Three major US stock indexes closed down, new energy auto stocks plunged

Time:2021-12-30 Source: 1185 views Trending Copy share

On December 21, Capital State learned that as of the close of business on December 20, local time, the three major U.S. stock indexes continued to fall. The Dow fell 433.28 points to 34932.16 points, a decrease of 1.23%; the Nasdaq fell 188.74 points to 14,980.94 points, a decrease of 1.24%; the S&P 500 index fell 52.62 points to 4,568.02 points, a decrease of 1.14%.


Most of the large technology stocks fell. Apple fell 0.81%, Google-A fell 0.08%, Microsoft fell 1.20%, Meta fell 2.50%, Amazon fell 1.73%, and Netflix rose 1.19%.

Bank stocks fell across the board. Goldman Sachs fell 2.67%, Wells Fargo fell 2.29%, Bank of America fell 1.64%, Citigroup fell 2.12%, JP Morgan Chase fell 1.80%, and Morgan Stanley fell 1.81%.
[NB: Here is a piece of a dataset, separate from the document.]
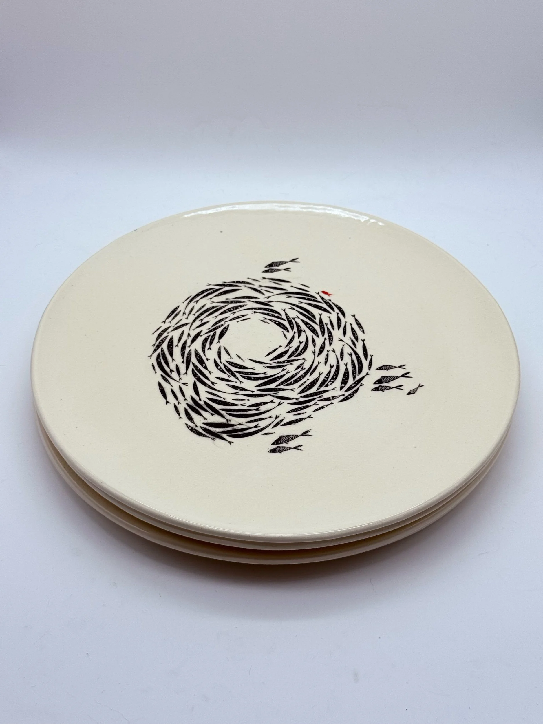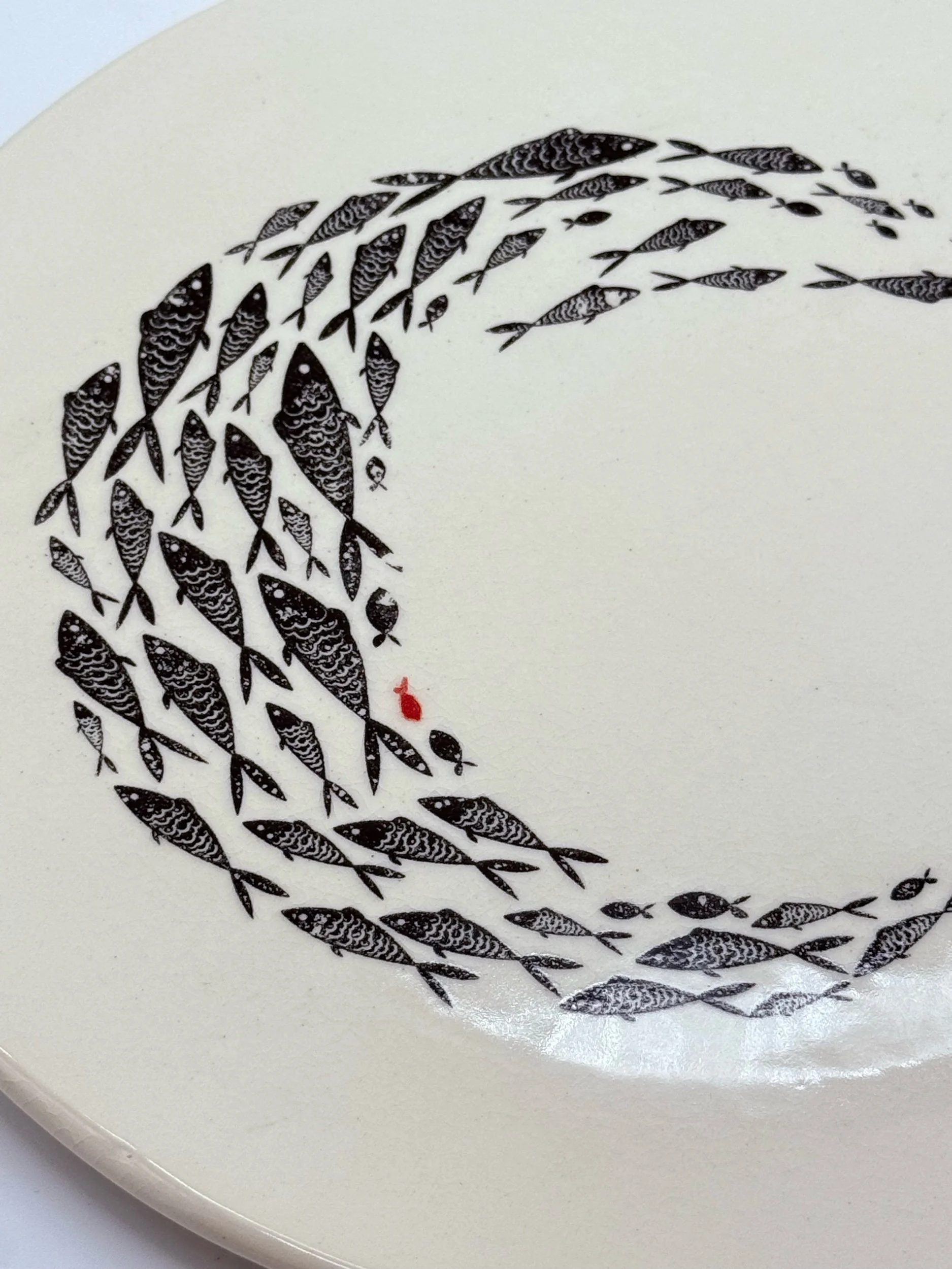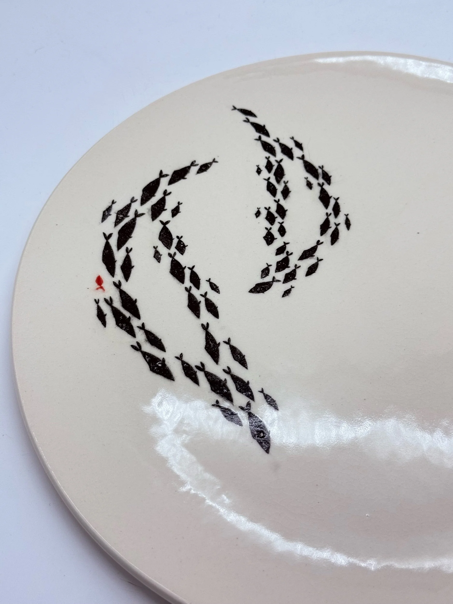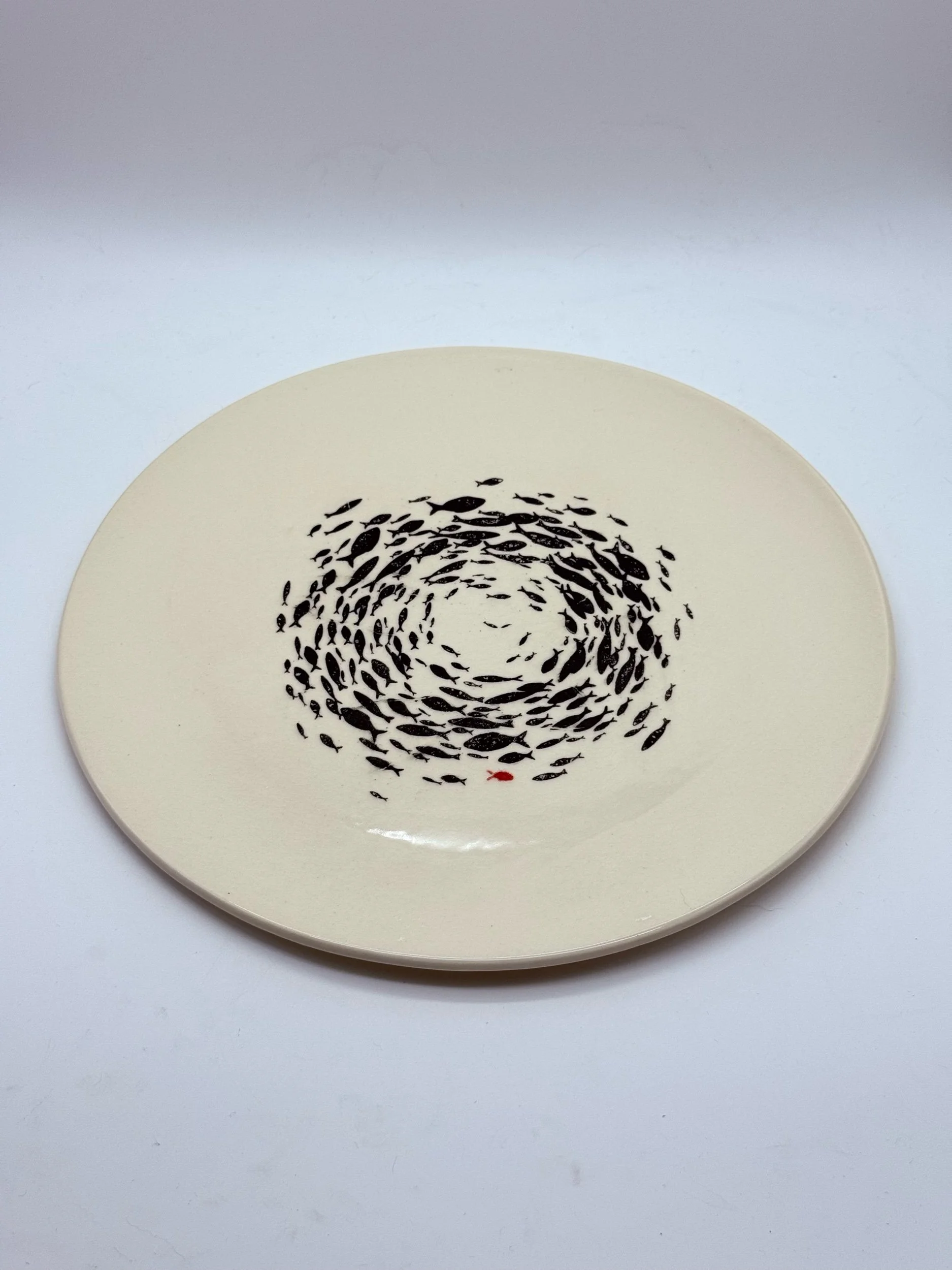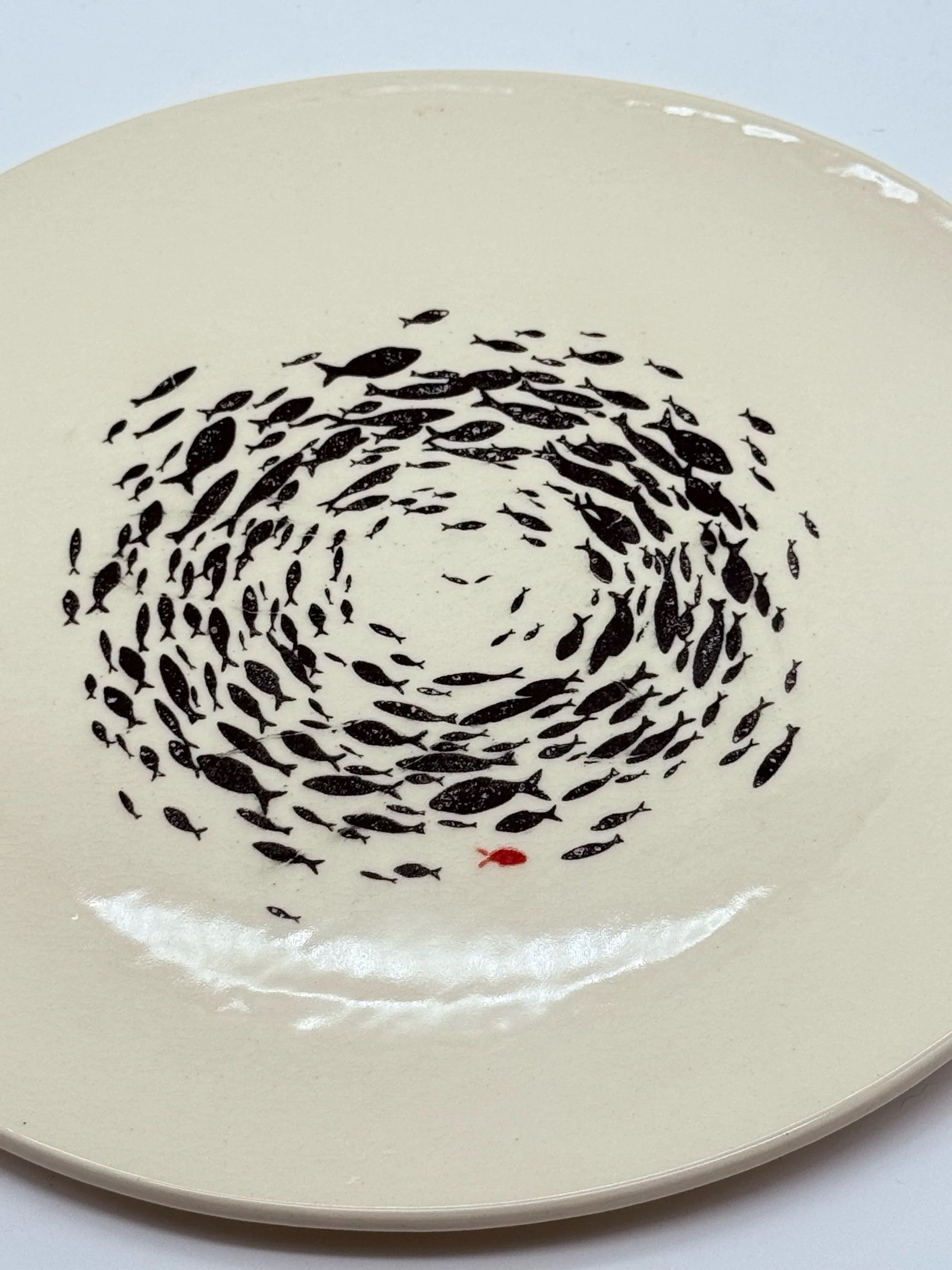 Bring a touch of whimsy to your table with these handcrafted salad plates, featuring a lively fish design. Look closely and you’ll spot a hand-painted red fish swimming against the current—a playful symbol of individuality and going against the norm. Each plate is carefully crafted and decorated, blending function with charm. The fish design adds a whimsical, aquatic flair—perfect for serving fresh greens or main meals. Durable yet elegant, these plates are ideal for everyday use or for creating a distinctive coastal-inspired table setting.
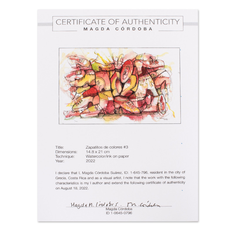 You can find our 'colorful Shoes III' by Magda Cordoba in paintings categories such as Expressionist Paintings, Watercolor Paintings and Ink Paintings. Enjoy exploring these sections for other Novica treasures.

Energy stocks fell collectively. Occidental Petroleum fell 3.78%, Schlumberger fell 1.73%, ConocoPhillips fell 0.01%, and Exxon Mobil fell 1.45%.

New energy auto stocks plunged. Tesla fell 3.50%, Xiaopeng Motors fell 5.56%, Ideal Motors fell 5.64 %, Weilai fell 6.13%, Faraday Future fell 9.45%, Rivian fell 7.90%, and Lucid Group fell 5.05%. Among them, Tesla's stock price has fallen below the $900 mark and closed at $899.94.

Popular Chinese concept stocks generally fell. Baidu fell 3.19%, Alibaba fell 5.81%, JD fell 4.01%, Pinduoduo fell 5.65%, Bilibili fell 11.63%, Vipshop fell 3.25%, and iQiyi fell 5.44% , NetEase fell 3.70%.

Chip stocks fell in groups, NXP Semiconductors fell 0.48%, ON Semiconductor fell 1.69%, Chaowei Semiconductor fell 1.42%, Nvidia fell 0.29%, and Qualcomm fell 0.07%.

Wells Fargo expects that the market will undergo a major correction before the summer of next year. Its senior equity analyst Christopher Harvey said in a report, “As the bubble increases and economic growth slows down resulting in more instability, the probability of a market decline of about 10% increases, and the risk is expected to appear healthy. Reprice."

Christopher Harvey believes that "the decline in fiscal and monetary easing in 2022 may become more influential." "In an environment where economic growth is slowing and pricing power may peak, stocks will have to'self-reliance'."